И вот Николай опять нагнулся над неподвижным, но разговаривающим кулем.
– Из колодца… гых-гых… не бери. Там под горой озеро. Посматривай только. Их разведка сейчас работает.
– Ничего, поостерегусь, – шепнул Николай и, вынув пистолет, осмотрел его в лунном свете.
– Это ты оставь, – отстранил раненый оружие Николая. – Игрушка. Вот возьми.
Он пошарил за спиной и вынул что-то. Николай получил автомат. Его пальцы, ощупывая массивное с прорезями радиатора дуло, сделались липкими.
– В чем это она у тебя? – шепнул он.
– Маргарин тут… гых-гых… нашел. Смазал на всякий случай – в снегу долго лежал. Ну, а ты смотри, чуть что – ложись и поливай.
– Ладно, сумею.
– Да не ладно, а дашь очередь, переползи и опять… давай им жизни.
– Хорошо.
Николаю не пришлось пользоваться автоматом. Лес молчал. Светила луна. Синие искры на снегу были неподвижны. Никто не прятался за сугробами. И только у озера Николай вздрогнул…
Мороз стал веселее. С таким азартом этот враг потрескивал льдом, что мурашки по коже!
– Попей… Сахару, может быть, пососешь? – вернувшись, Николай протянул раненому пакет и кастрюлю с плавающими в воде льдинками.
– Не хочу. Покурить бы… гых-гых… Сейчас.
– Курить? – окрылился надеждой Николай. – Давно бы тебе так. Это лучше, чем ругаться. На твое счастье, есть у меня. Дареная.
Он вынул из кармана кисет с трубкой и вдруг заволновался и опустил руки.
– А спички?
– Пока жив, огонек найдется… Гых-гых-гых!..

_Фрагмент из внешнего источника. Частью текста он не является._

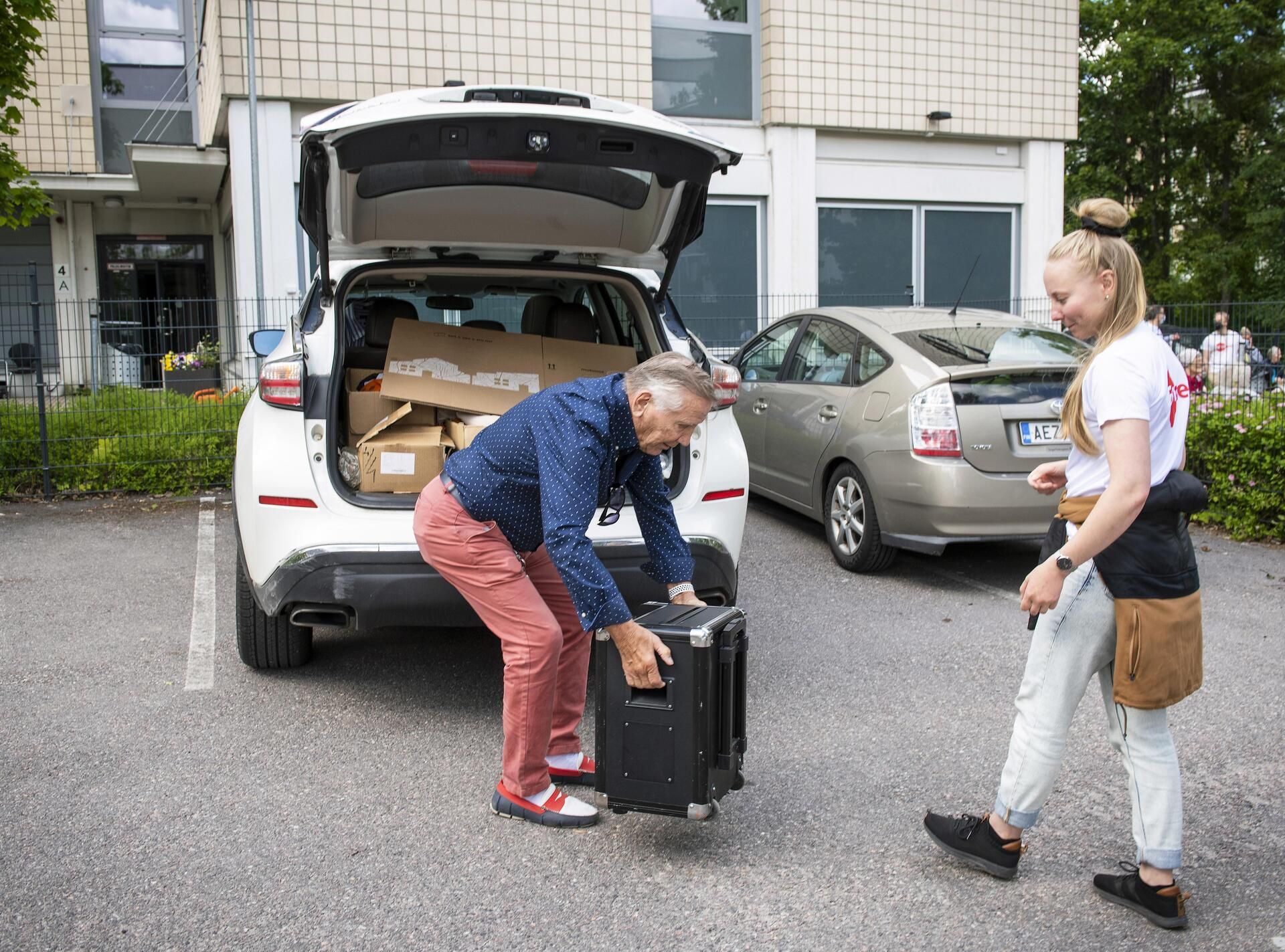 Eino peruuttelee hyväntuulisesti, kunnes auto on jotakuinkin ruudussa. Takakontista hän nappaa painavan näköisen laatikon, jota kantaa kevyesti.

Похоже было, что раненый засмеялся.
Он пошарил и достал спички.
Николай помог ему закурить, потом лег рядом на полу и принялся за свой сахар. Так они и пролежали всю ночь – один с трубкой во рту, другой с сахаром за щекой. Спали ли они? И нет и да. Во всяком случае, Николай мог бы дать руку на отсечение, что всю ночь не спал и слышал отчетливо и дальнюю артиллерийскую канонаду и пыхтение трубочки соседа. Но он бы ни за что не признался, что слышал также и свист падающего самолета и видел весь свой бой с проклятой сорокой, только шиворот-навыворот, словно бы кто об этом рассказывал с конца. В общем он мешал сон с явью.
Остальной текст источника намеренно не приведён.